Dataset entries
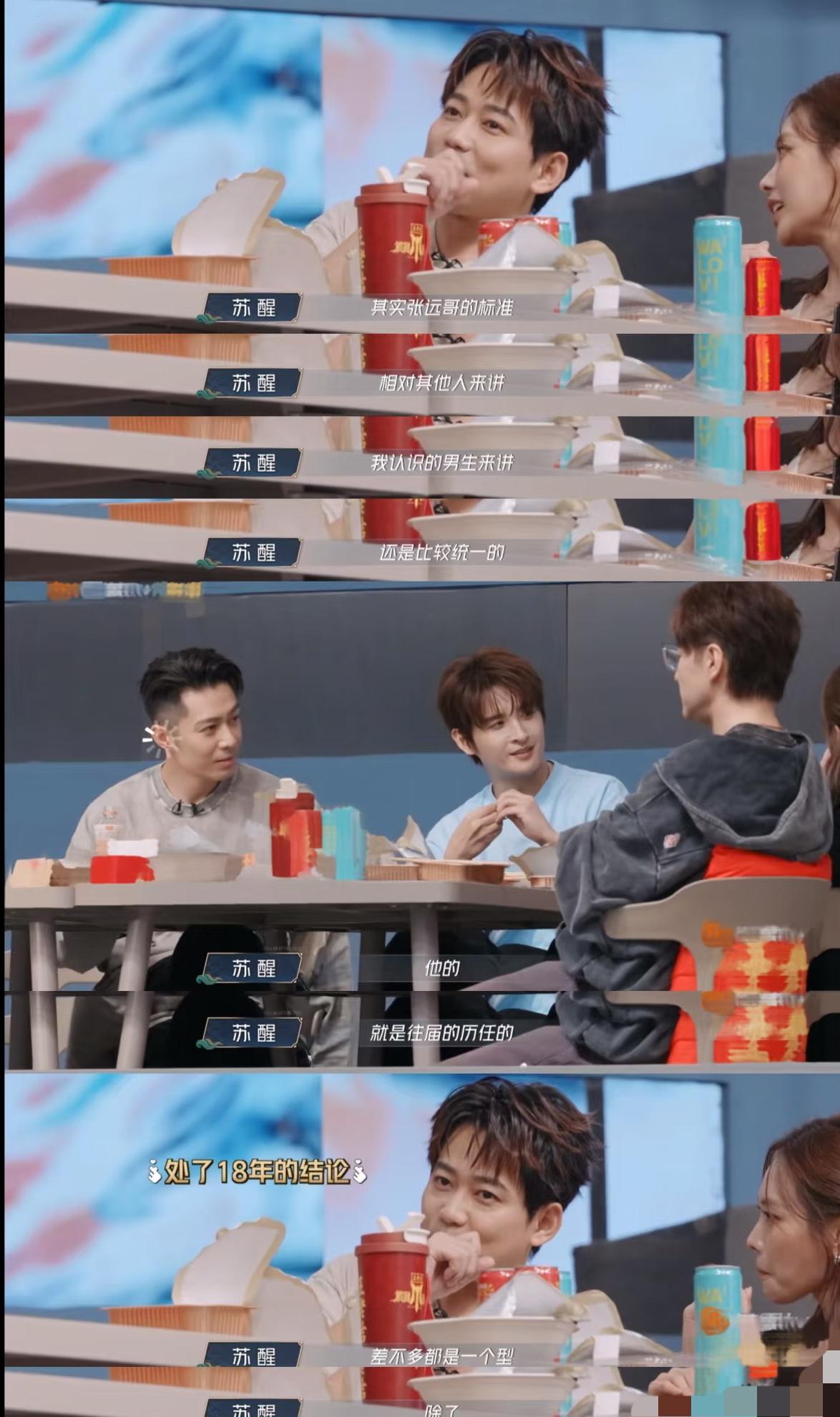 传下去,张远喜欢女孩脸上有肉的。 哈哈哈,单身的张远总会成为大家的谈资。 披哥5上又聊起了张远对另一半的标准。 没想到苏醒上来就要爆料,一句“往届历任”调足了在座的胃口。 亮哥抓紧扭转这吃瓜的局面,话题转向征婚标准。 结果张远很实诚地说脸上有肉的、可爱的就好! 哈哈哈,看来苏醒很了解兄弟的喜好,也见过张远的前任们啊! 还是亮哥更护犊子,家属感很重。
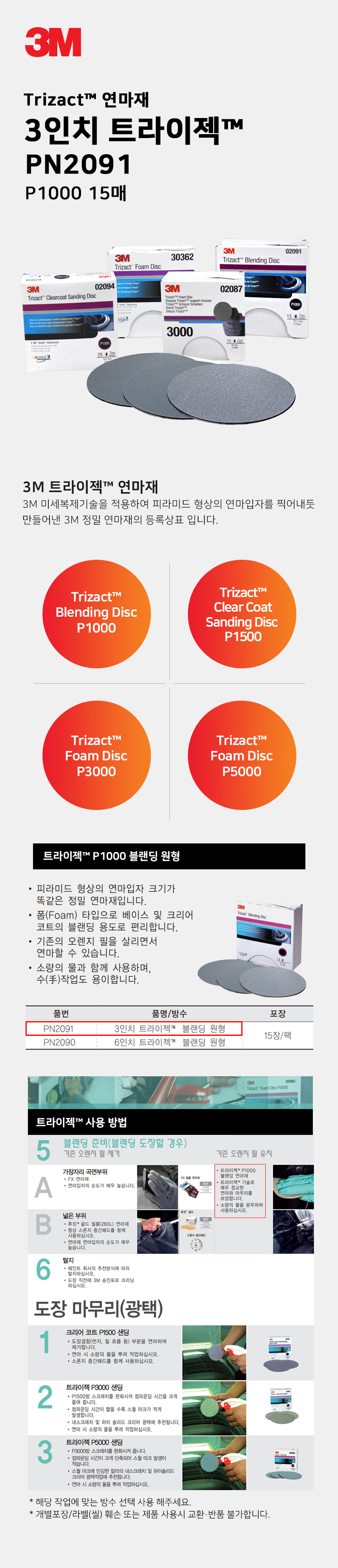 3M 트라이젝 3인치 02091(50413) P1000 15매 블랜딩 원형 연마지 샌딩 폴리싱 연마 마무리 제거 세차 광택
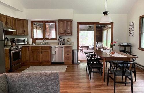 Step into the home from the front entry into our cozy living area with a stone fireplace and an expansive bay window overlooking the wooded lawn. The living area flows into the dining space and kitchen space with views and all the bits and bobs you might need to cook a lovely dinner (or make your own custom coffee - more on that later!)
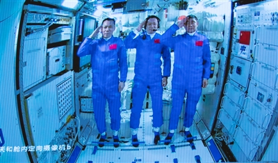 右图为在北京航天飞行控制中心拍摄的进驻天和核心舱的航天员向全国人民敬礼致意的画面。
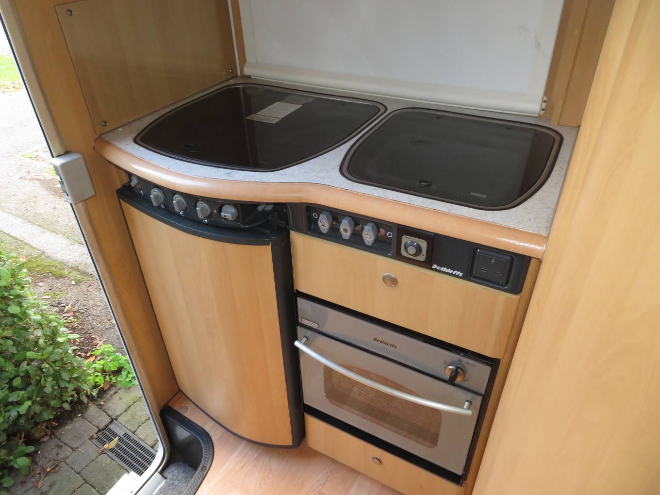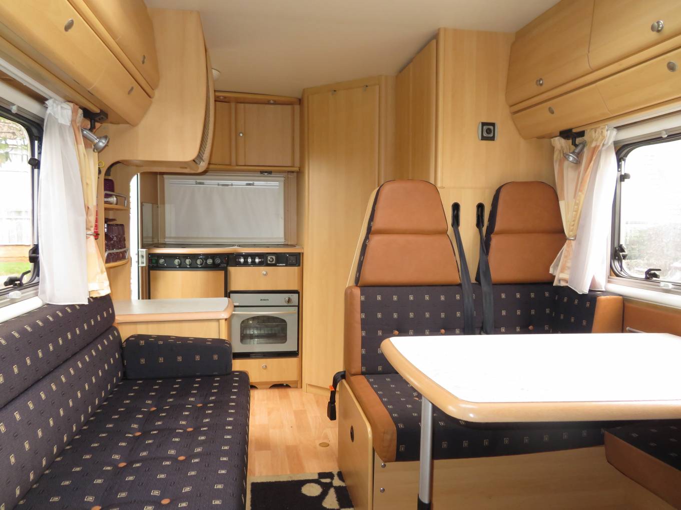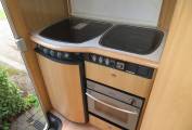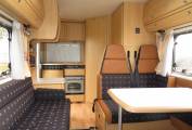 At the rear you have a well equipped kitchen area which includes oven, gas hob with three gas burners, 3-way fridge with ice compartment and sink with mixer tap.
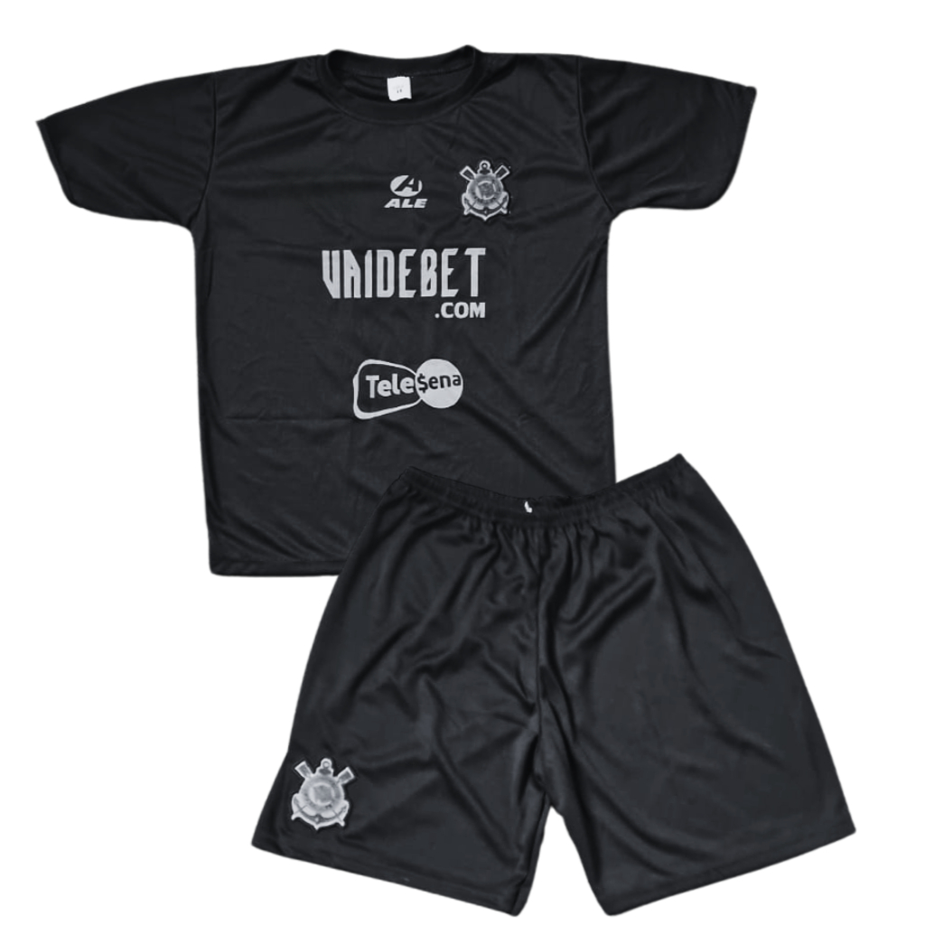 Conjunto Infantil do Corinthians Camisa e Shorts Preto Futebol Pronta Entrega Timão
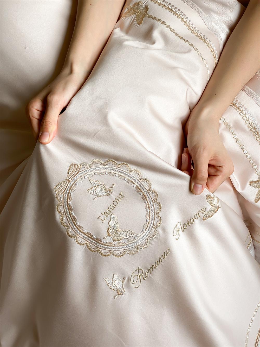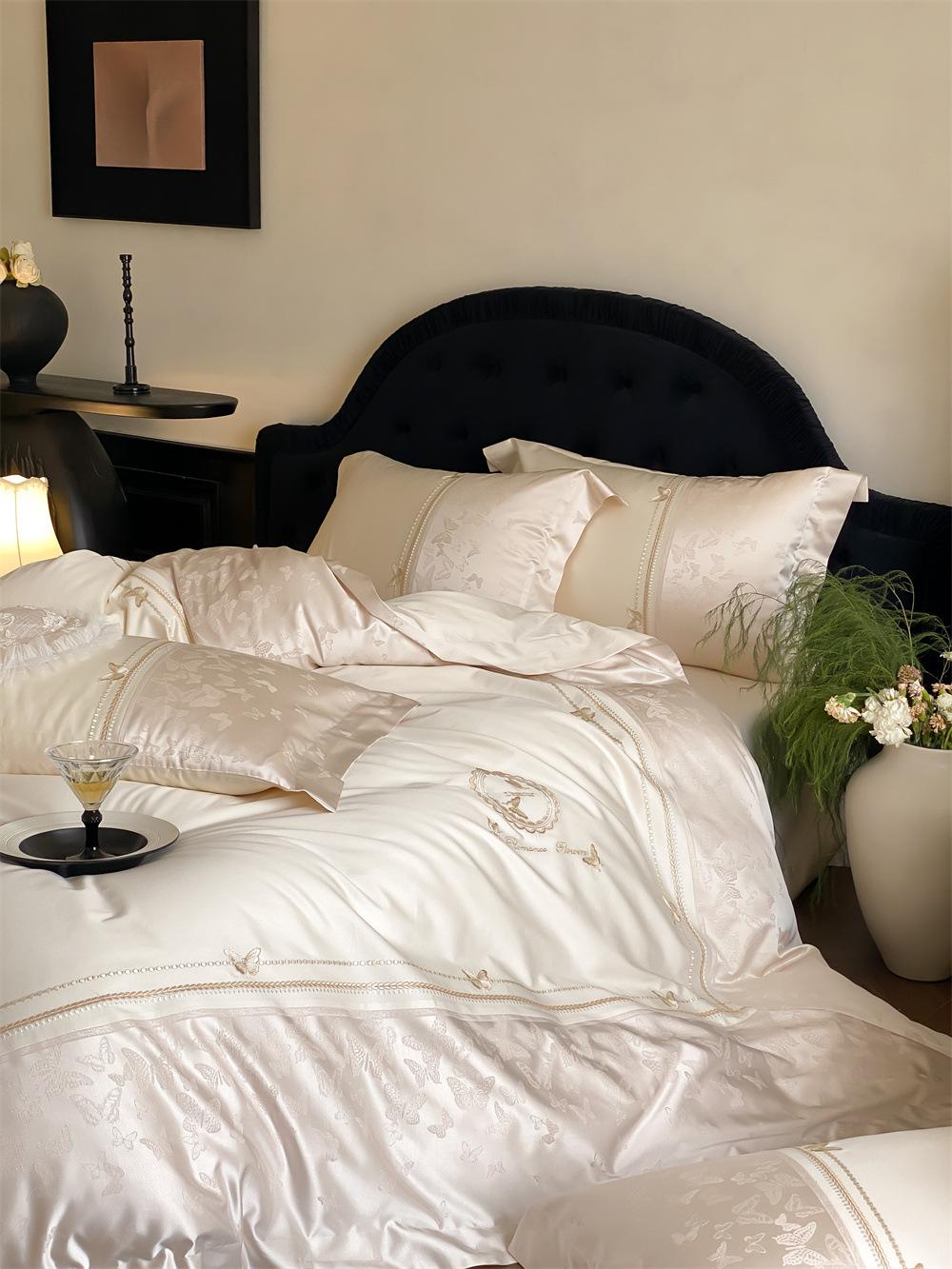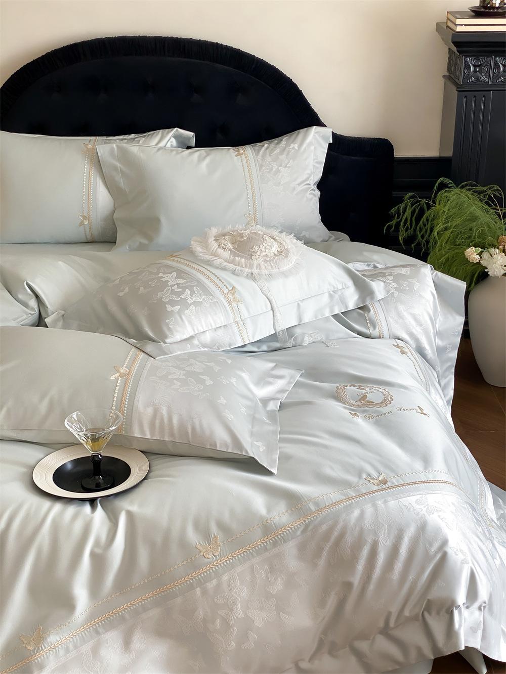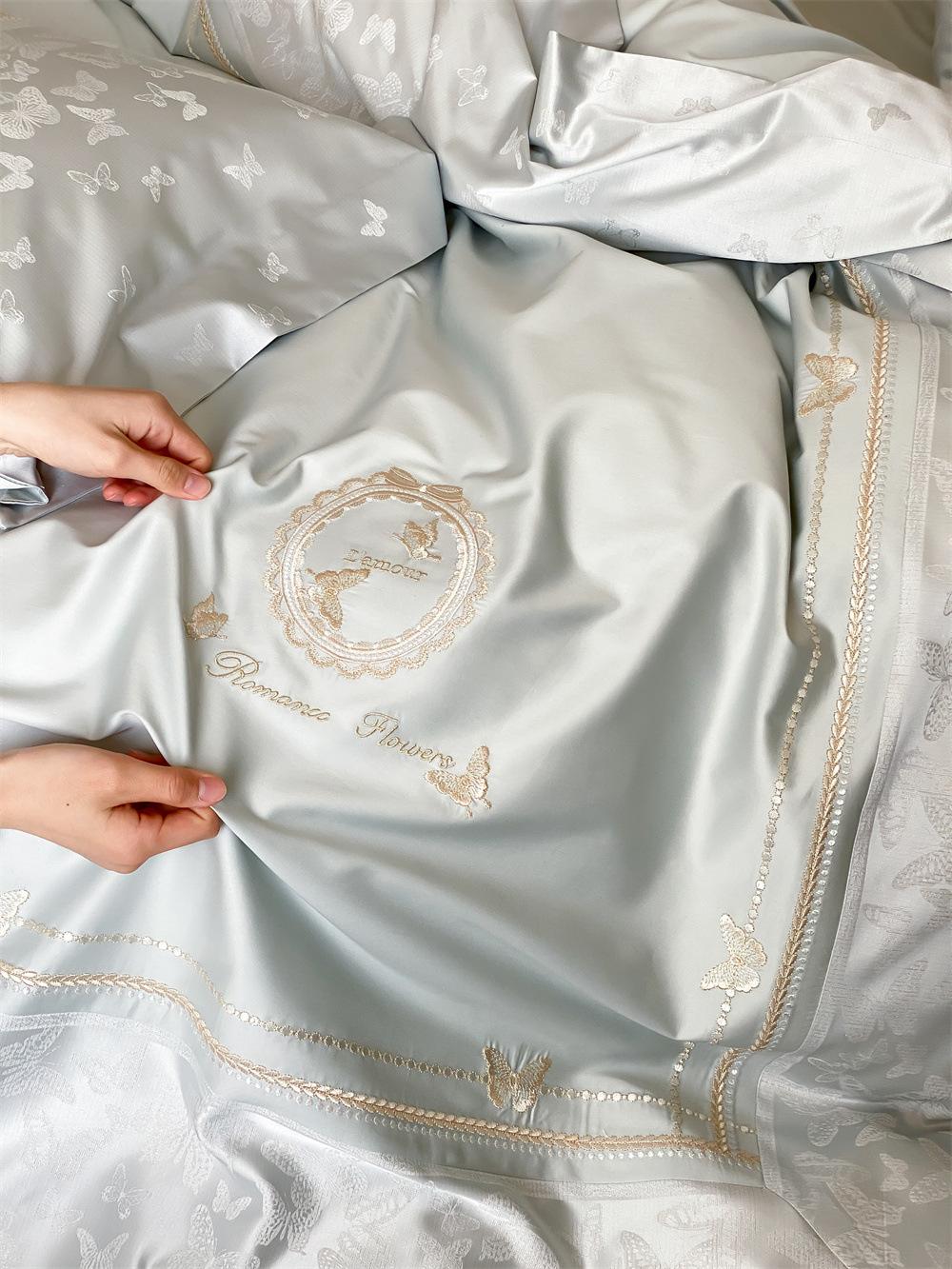 Artesanía: Jacquard de alta densidad + bordado, sábana bajera con esquinas redondeadas y bies
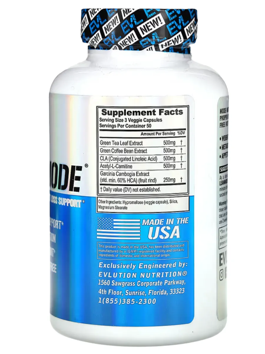 EVLution Nutrition LeanMode — это добавка для поддержки снижения веса без стимуляторов, разработанная для сжигания жира и контроля аппетита. Каждая порция (3 капсулы) содержит 5 активных ингредиентов, включая 1,5 г ацетил-L-карнитина, 1 г CLA (конъюгированной линолевой кислоты), 500 мг экстракта зелёного кофе и 200 мг экстракта гарцинии камбоджийской, которые способствуют ускорению метаболизма, сжиганию жира и снижению тяги к пище. Продукт разработан для достижения целей по снижению веса при правильном питании и тренировках. Не содержит ГМО, глютен, стимуляторы, искусственные красители или консерванты, подходит для веганов и сертифицирован по стандартам GMP и Halal.

**About this exercise:**
Leave out the pictures, then return every line of the data exactly.

**Answer section:**
 传下去,张远喜欢女孩脸上有肉的。 哈哈哈,单身的张远总会成为大家的谈资。 披哥5上又聊起了张远对另一半的标准。 没想到苏醒上来就要爆料,一句“往届历任”调足了在座的胃口。 亮哥抓紧扭转这吃瓜的局面,话题转向征婚标准。 结果张远很实诚地说脸上有肉的、可爱的就好! 哈哈哈,看来苏醒很了解兄弟的喜好,也见过张远的前任们啊! 还是亮哥更护犊子,家属感很重。
 3M 트라이젝 3인치 02091(50413) P1000 15매 블랜딩 원형 연마지 샌딩 폴리싱 연마 마무리 제거 세차 광택
 Step into the home from the front entry into our cozy living area with a stone fireplace and an expansive bay window overlooking the wooded lawn. The living area flows into the dining space and kitchen space with views and all the bits and bobs you might need to cook a lovely dinner (or make your own custom coffee - more on that later!)
 右图为在北京航天飞行控制中心拍摄的进驻天和核心舱的航天员向全国人民敬礼致意的画面。
 At the rear you have a well equipped kitchen area which includes oven, gas hob with three gas burners, 3-way fridge with ice compartment and sink with mixer tap.
 Conjunto Infantil do Corinthians Camisa e Shorts Preto Futebol Pronta Entrega Timão
 Artesanía: Jacquard de alta densidad + bordado, sábana bajera con esquinas redondeadas y bies
 EVLution Nutrition LeanMode — это добавка для поддержки снижения веса без стимуляторов, разработанная для сжигания жира и контроля аппетита. Каждая порция (3 капсулы) содержит 5 активных ингредиентов, включая 1,5 г ацетил-L-карнитина, 1 г CLA (конъюгированной линолевой кислоты), 500 мг экстракта зелёного кофе и 200 мг экстракта гарцинии камбоджийской, которые способствуют ускорению метаболизма, сжиганию жира и снижению тяги к пище. Продукт разработан для достижения целей по снижению веса при правильном питании и тренировках. Не содержит ГМО, глютен, стимуляторы, искусственные красители или консерванты, подходит для веганов и сертифицирован по стандартам GMP и Halal.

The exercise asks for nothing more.